Fig. 1. Effects of anti-alpha q/11, anti-alpha 13 antibodies and anti-alpha 12, anti-alpha 13 antisera on the AII-induced stimulation of the Ca2+ channel current. Ca2+ channel current (measured with the whole-cell mode of the patch clamp) was evoked by a depolarization to 0 mV from a holding potential of -60 mV. A, Ca2+ channel current under control conditions (1) and after dialysis (for 8 min) of 10 µg/ml anti-alpha 13 antibody (2) or boiled (95 °C for 30 min) anti-alpha 13 antibody (3) before (a) and during the application of 10 nM AII (b). B, compiled data showing the effects of anti-alpha q/11 antibody (Ab) (15 µg/ml), anti-alpha 12 antiserum (AS) (1:100 and 1:50), anti-alpha 13 antiserum (1:100), anti-alpha 13 antibody (10 µg/ml), and boiled anti-alpha 13 antibody (10 µg/ml) on AII-induced stimulation of Ca2+ channel currents, expressed as a fraction of the current amplitude before stimulation (I/Ic). Results are means ± S.E. obtained from three different cell batches. In parentheses: number of cells tested. [star], values significantly different from control values (p < 0.05). External solution contained 5 mM Ba2+ and 100 nM CGP 42112A.
[View Larger Version of this Image (19K GIF file)]

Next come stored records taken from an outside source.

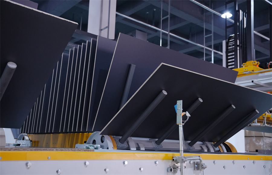 溫康納智能化產線實現全流程自動化無縫銜接,從自動上下料、自動進板裝置到壓機壓貼、清邊倒角、翻板檢驗等,每個環節都實時調控。更令人驚嘆的是紅外激光精準對紋系統,將誤差嚴格控制在毫米級以內,使板材紋理對接的美觀度實現質的飛躍。
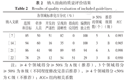 指南由4名经过循证方法学学习的研究者根据临床指南研究与评价系统Ⅱ(Appraisal of Guidelines for Research and Evaluation,AGREE Ⅱ)[16]独立进行评价,采用组内相关系数(ICC)对评价结果进行一致性检验。
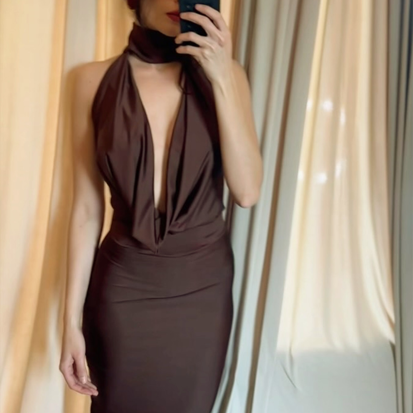 📚 高级感荡领气质修身连衣裙2026夏季新款宴会晚礼服性感露背长裙女
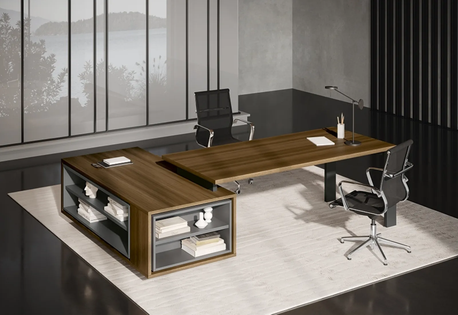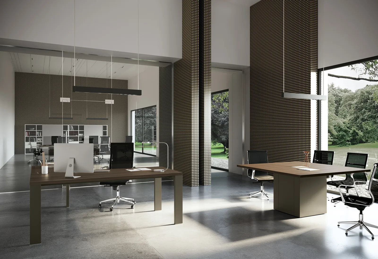 Una ricca gamma di scrivanie direzionali in melaminico ti sta aspettando! Il modello Go Steel Melaminico di Colombini Office ti sta aspettando!
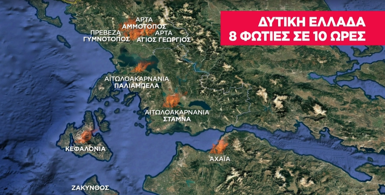 Σύμφωνα με τον εκπρόσωπο Τύπου της ΠΥ συνολικά 106 φωτιές στην επικράτεια έχουν εκδηλωθεί στην ελληνική επικράτεια. Στην Δυτική Ελλάδα τα ενεργά μέτωπα καίνε σε Πρέβεζα, Άρτα, Αιτωλοακαρνανία, Κεφαλονιά και Αχαΐα.
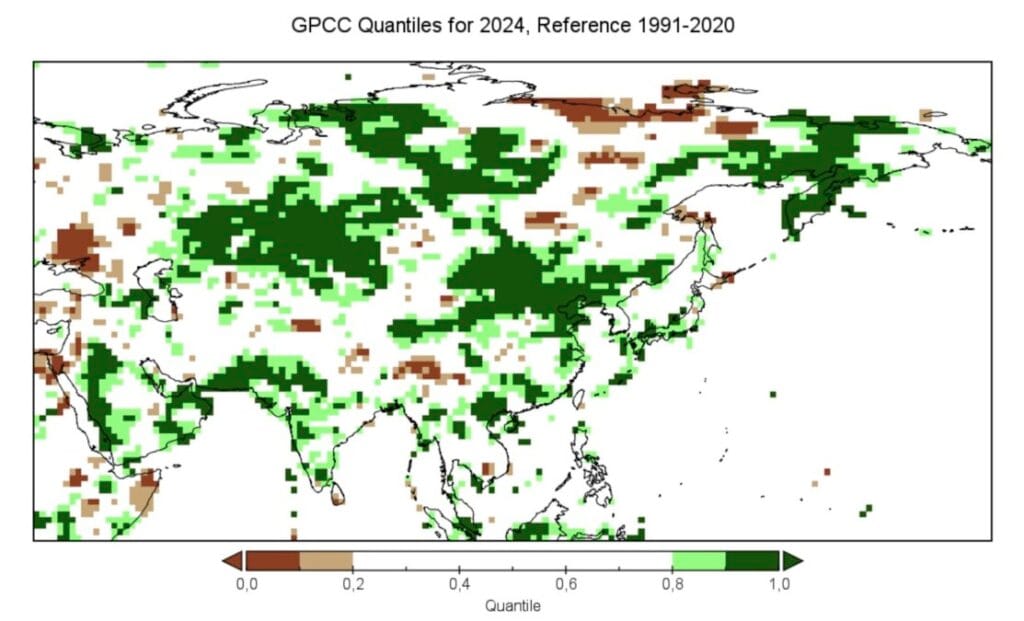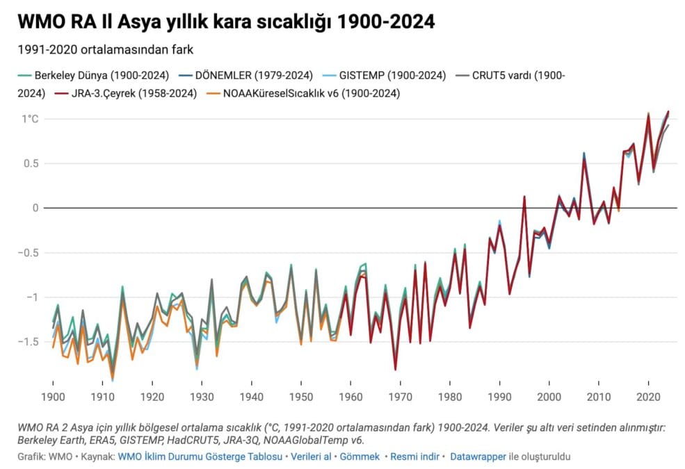 2024’te Asya’nın ortalama sıcaklığı, 1991–2020 ortalamasının yaklaşık 1,04°C üzerinde gerçekleşti. Veri setine bağlı olarak bu yıl, kıtada kayıtlardaki en sıcak veya ikinci en sıcak yıl olarak değerlendirildi.

Fig. 2. Effects of carboxyl-terminal Galpha q/11 and Galpha 13 peptides on the AII-induced stimulation of Ca2+ channel current. Ca2+ channel current (measured with the whole-cell mode of the patch clamp) was evoked by a depolarization to 0 mV from a holding potential of -60 mV. A, Ca2+ channel current under control conditions (1) and after dialysis of 0.1 µg/ml alpha 13 peptide (2) or 1 µg/ml alpha q/11 peptide (3) for 7-8 min before (a) and during application of 10 nM AII (b). B, compiled data showing the effects of increasing concentrations of alpha 13 peptide and of alpha q/11 peptide on AII-induced stimulation of Ca2+ channel currents, expressed as a fraction of the current amplitude before stimulation (I/Ic). Results are means ± S.E. obtained from two different cell batches. In parentheses: number of cells tested. [star], values significantly different from control values (p < 0.05). External solution contained 5 mM Ba2+ and 100 nM CGP 42112A.
[View Larger Version of this Image (18K GIF file)]

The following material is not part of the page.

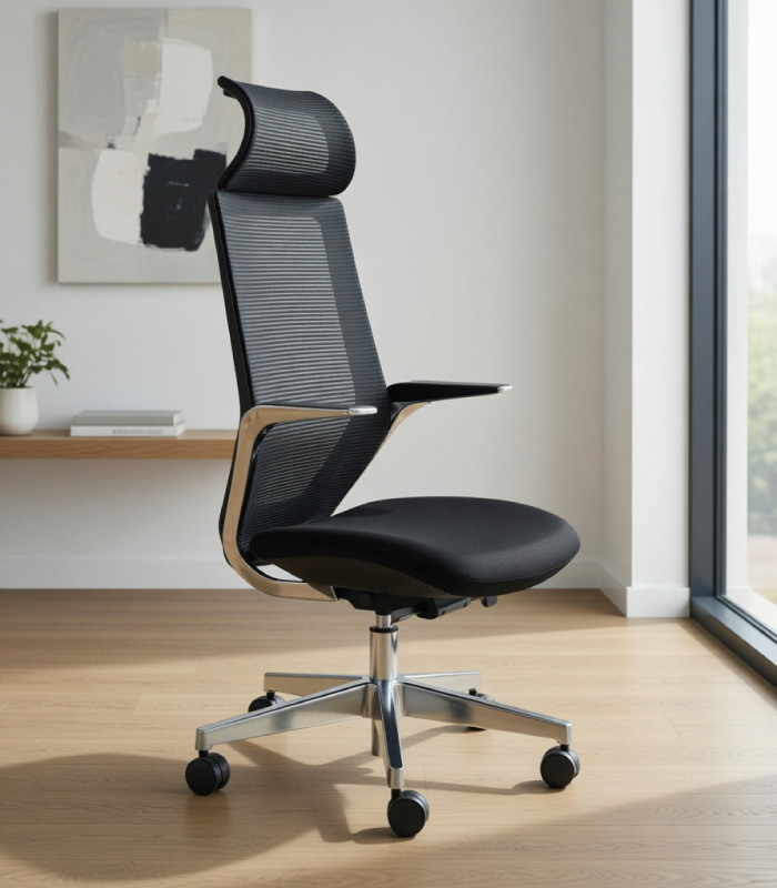 - Respaldo alto con opción de cabecero, tapizado en malla efecto tela de alta calidad.

Gbeta gamma Is Required for AII-induced Stimulation of Ca2+ Channels

Anti-Galpha antibody and Galpha subunit peptide block of the response alone cannot distinguish which G protein subunit (Galpha or Gbeta gamma ) transduces the signal to Ca2+ channels. To determine which G protein subunit was involved in effector activation, an anti-beta com antibody (18), raised to the carboxyl terminus of Gbeta 1 subunit, was dialyzed into the cell for 7-8 min. As shown in Fig. 3A, intracellular applications of 10 µg/ml anti-beta com antibody blocked the AII-induced stimulation of the Ba2+ current. In contrast, application of the same concentration of boiled anti-beta com antibody (95 °C for 30 min) had no significant effect on the AII-induced stimulation of the Ba2+ current (Fig. 3A).

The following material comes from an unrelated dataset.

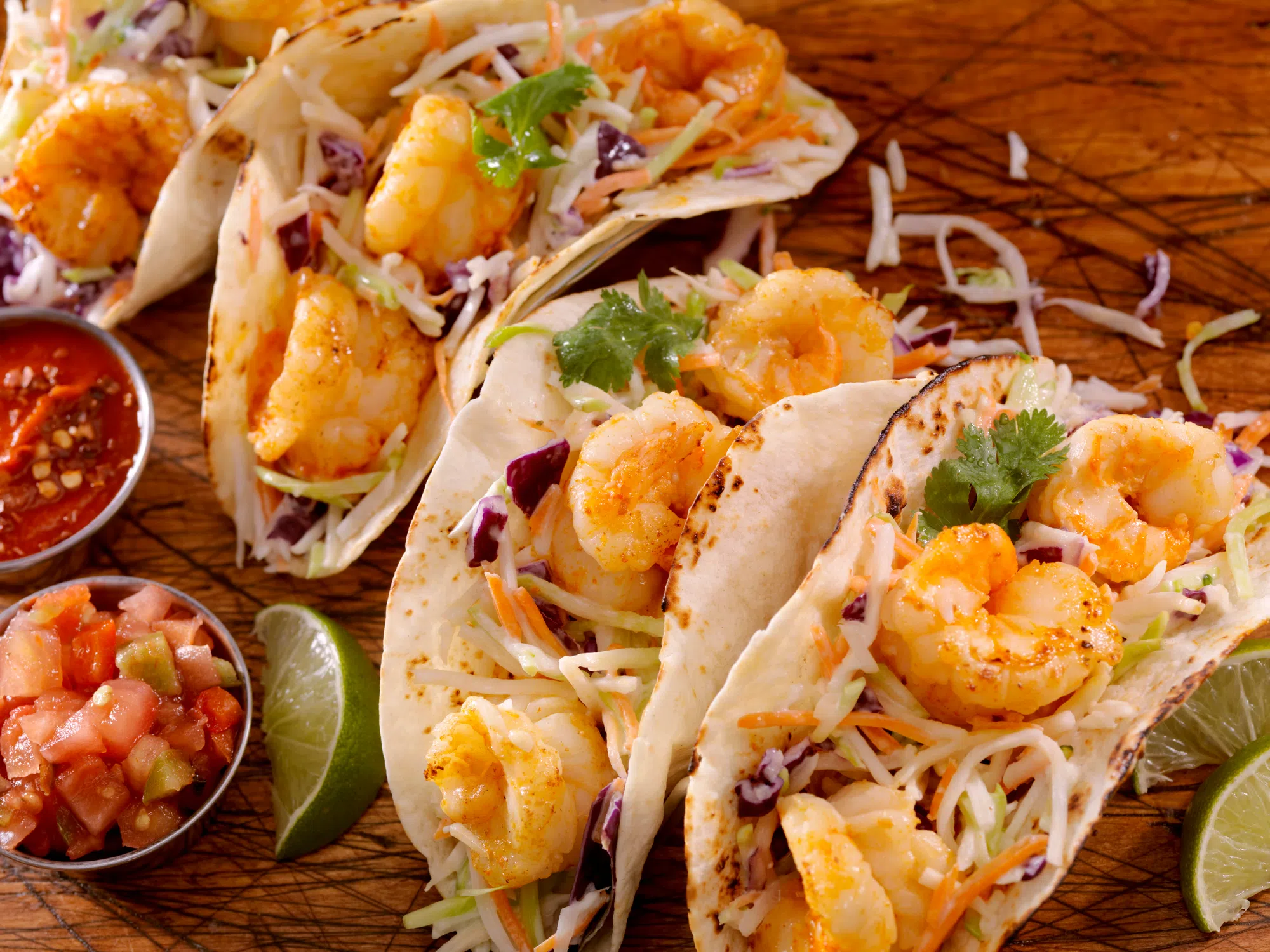 - Divide the shrimp among 8 tortillas; top each with coleslaw mixture. Serve with lime wedges, if desired.

Fig. 3. Effects of anti-beta com antibody and beta ARK1 peptides on the AII-induced stimulation of Ca2+ channel current. Ca2+ channel current (measured with the whole-cell mode of the patch clamp) was evoked by a depolarization to 0 mV from a holding potential of -60 mV. A, Ca2+ channel current under control conditions (1) and after dialysis of 10 µg/ml anti-beta com antibody (2) or boiled (95 °C for 30 min) anti-beta com antibody (3) dialyzed into the cells for 7-8 min before (a) and during application of 10 nM AII (b). B, compiled data showing the effects of increasing concentrations of peptide G (corresponding to the Gbeta gamma binding domain of beta ARK1) and of 10 µM peptide A (corresponding to a domain of beta ARK1 not involved in Gbeta gamma binding) on the AII-induced stimulation of Ca2+ channel currents, expressed as a fraction of the current amplitude before stimulation (I/Ic). Results are means ± S.E. obtained from three different cell batches. In parentheses: number of cells tested. [star], values significantly different from control values (p < 0.05). External solution contained 5 mM Ba2+ and 100 nM CGP 42112A.
[View Larger Version of this Image (17K GIF file)]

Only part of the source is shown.